Abstract: Cognitive Radio (CR) has the ability to adapt its behavior to the changing environment. In order to achieve
this goal in real practice, a CR equipment should be able to manage and reconfigure itself flexibly and
efficiently. Therefore, it is necessary to integrate management in the CR equipment. Benefiting from the
dynamic full and partial reconfiguration, Zynq based devices provide more flexible features and become a
preferable hardware platform for CR. In this paper, we briefly introduce the cognitive radio management on
a Zynq based platform, and study the benefit and cost of offloading computations from software to hardware.
The results show that it is possible to win both performance and power consumption by flexible
reconfiguration.
1 INTRODUCTION
As the digital communication systems evolve from
GSM and now toward 5G, the supported standards
are also growing. The desired communication
equipments are required to support different
standards in a single device at the same time. The
software defined radio (SDR) (Mitola, 1995) has
been considered a solution to this requirement,
because typical way to change the function of a
communication equipment needs to redesign the
hardware. By using the SDR, the function of the
communication equipment can be changed by
software reprogramming without modifying the
hardware.
Furthermore, Cognitive Radio (CR) (Mitola,
2000) has been proposed to integrate new
capabilities, which can automatically adapt its
behavior to the changing environment. But more is
expected, in order to efficiently manage the CR
features, we introduce a management architecture,
namely Hierarchical and Distributed Cognitive
Radio Architecture Management (HDCRAM)
(Godard, Moy and Palicot, 2006), which has been
proposed for CR management by our team.
In order to design CR equipments, flexible and
efficiently reconfigurable hardware platforms are
necessary.
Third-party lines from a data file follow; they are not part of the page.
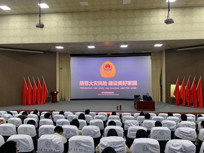 宿州市消防救援支队何孟浩警官从消防安全基础知识,火场逃生、自救知识以及消防器材使用、检查和维护三个方面进行了讲解。通过大量真实案例与理论相结合的方式为大家传授防火技巧和应对措施,同时指出生活中的防火要领。
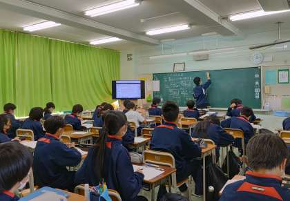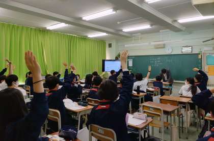 真剣な学習態度です。理科では、火成岩について学習しています。
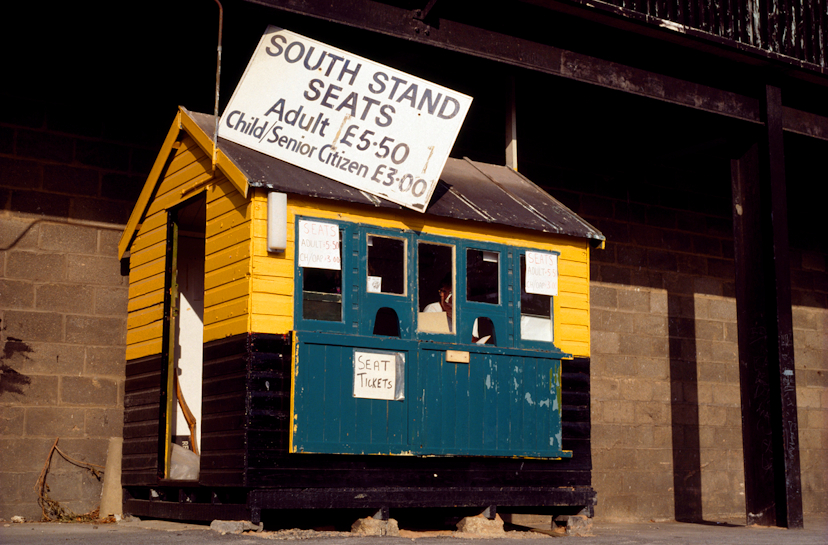 Though the hut was mostly painted amber and black, when the panel that covered the customer service windows on non-matchdays was dropped down, it revealed teal sections, perhaps the shed’s original colour.

Zynq based platform becomes a favorable
choice because it integrates ARM processor and
FPGA in a single device (Xilinx, Inc., 2013, UG585),
which provides both flexibility and performance.
Especially, it enables dynamic full and Partial
Reconfiguration (PR) (Xilinx, Inc., 2010, UG702).
Benefiting from these features, Zynq based device is
more suitable for developing CR equipment.
CR has also been considered as an enabling
technology for green radio communications (Palicot,
2009). In this paper, we investigate the performance
and power consumption taking the software and
hardware FIR filter as a study case on Zynq based
ZC702 evaluation board. The results provide the
useful information for the management of the FIR
filter, and with the HDCRAM, it is possible to
benefit both performance and power consumption
from flexible full and partial reconfiguration.
2 HDCRAM ARCHITECTURE
2.1 Introduction
A radio equipment consists of a set of functional
components that are connected with each other,
illustrated as processing elements (PEs) at the
bottom of Figure 1. These PEs can either be
software or hardware elements.
18
Wu X., Palicot J. and Leray P.
Cognitive Radio Management Benefiting from Flexible Reconfiguration.
DOI: 10.5220/0005888800180023
In Proceedings of the Fourth International Conference on Telecommunications and Remote Sensing (ICTRS 2015), pages 18-23
ISBN: 978-989-758-152-6
Copyright
c
2015 by SCITEPRESS – Science and Technology Publications, Lda. All rights reserved
Figure 1: An example of HDCRAM.
Figure 2: An example of HDCRAM deployment.
Our team has proposed a management
architecture for Cognitive Radio in a previous work,
namely HDCRAM (Palicot, 2013). A diagram of
HDCRAM architecture featuring three levels is
depicted in Figure 1.
HDCRAM consists of two aspects: Cognitive
Radio Management (CRM) and Reconfiguration
Management (ReM). The CRM part is responsible
for gathering sensing information and making
decisions according to the information obtained
from PEs. The ReM part is in charge of taking
actions to reconfigure the system. It takes a bottom-
up approach in the CRM part. Sensing information
is submitted from the lower level to the upper level.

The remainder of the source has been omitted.